7. The model training method according to any one of claims 1 to 4, wherein the iterative training is performed on the crowd-expansion model based on the seed user, the first target population index of the seed user corresponding to the target feature, and the target feature, to obtain a trained crowd-expansion model, and the method comprises:

normalizing the first target population index to obtain a normalized first target population index, wherein the normalization comprises maximum normalization or normal distribution normalization;

And performing iterative training on the expansion model based on the seed user, the normalized first target population index and the target characteristic to obtain a trained crowd expansion model.

8. The model training method of any of claims 1-4, determining target features, comprising:

displaying the preset media resource characteristics according to the order of the saliency indexes from high to low;

and determining target characteristics in response to the selected operation facing the preset media resource characteristics.

9. A crowd expansion method comprising:

acquiring candidate users corresponding to the media resources;

determining a target population index of the candidate user corresponding to the target feature according to the candidate user and seed users and target features corresponding to a population expansion model, wherein the population expansion model is trained by adopting the model training method according to any one of claims 1 to 8;

and inputting the candidate users and the target group indexes of the candidate users corresponding to the target characteristics into the crowd expansion model to obtain predicted probability values corresponding to the candidate users, wherein the predicted probability values are used for determining whether the candidate users are expandable users or not.
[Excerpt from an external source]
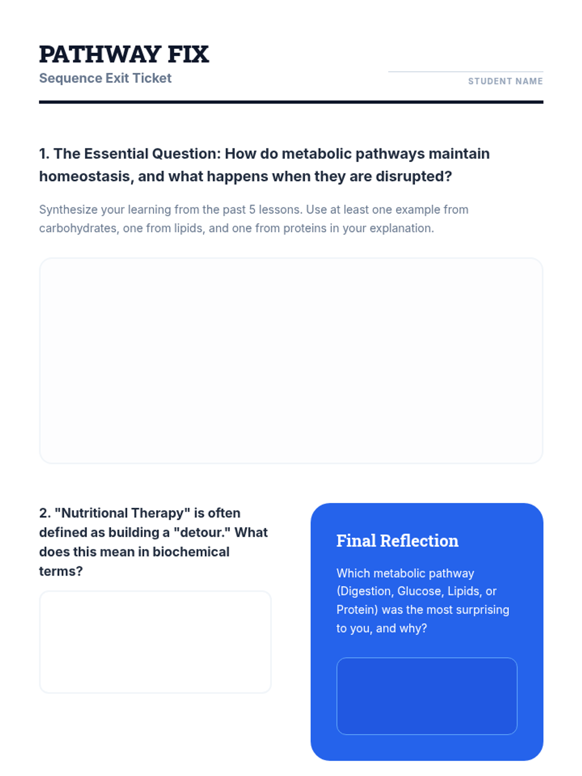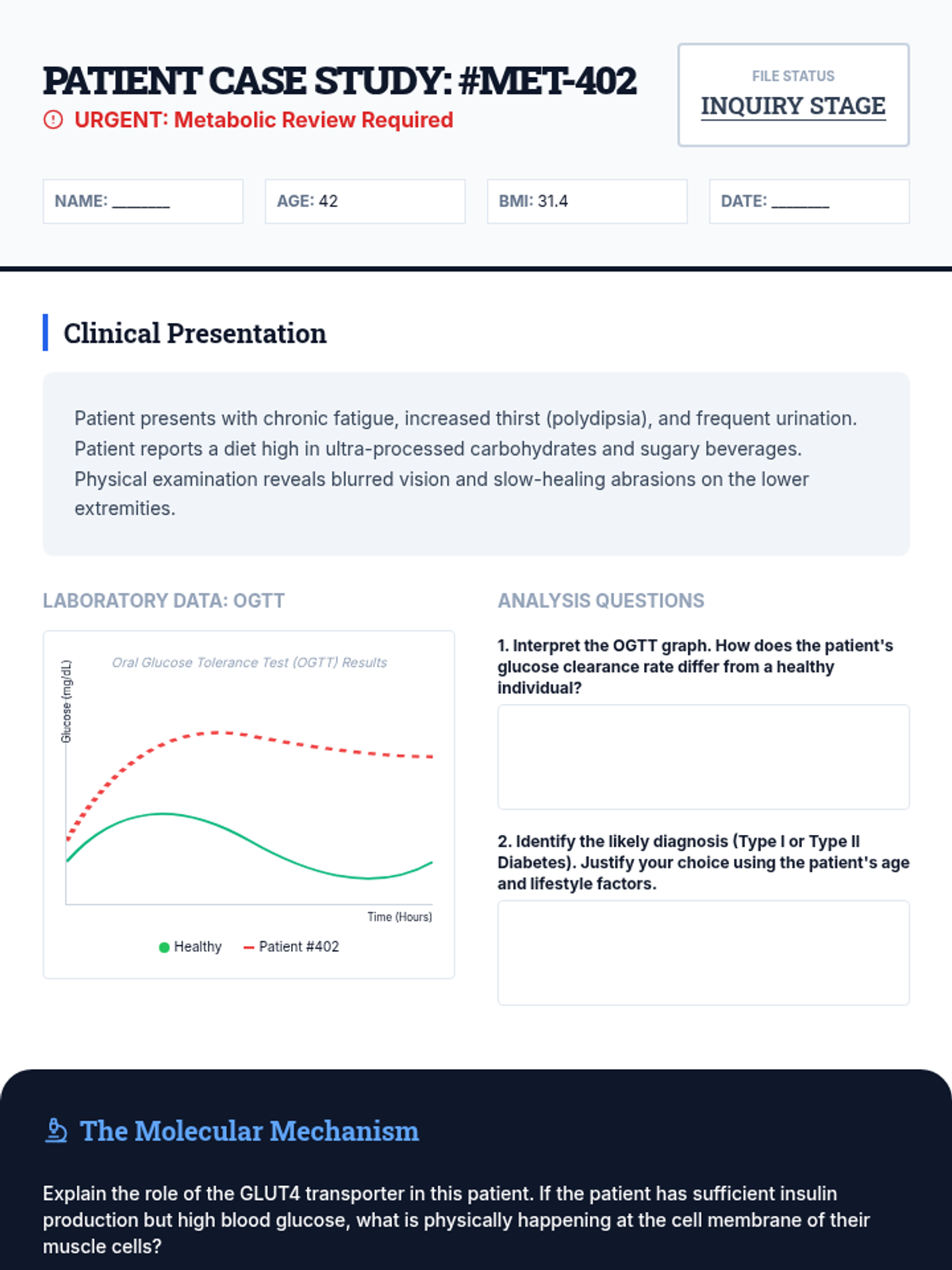 A 12th-grade biology unit exploring the metabolic pathways of carbohydrates, lipids, and proteins, connecting molecular structure to human health, nutrition, and disease management through case studies and biochemical analysis.

10. The crowd expansion method of claim 9, wherein the inputting the candidate users and the target group index of the candidate users corresponding to the target feature into the crowd expansion model to obtain the predicted probability value corresponding to the candidate users comprises:

inputting the candidate users and the target group indexes of the target characteristics corresponding to the candidate users into the crowd expansion model, and adding products of the target group indexes of the target characteristics corresponding to the candidate users and the target weights corresponding to the target characteristics to obtain the prediction probability values corresponding to the candidate users.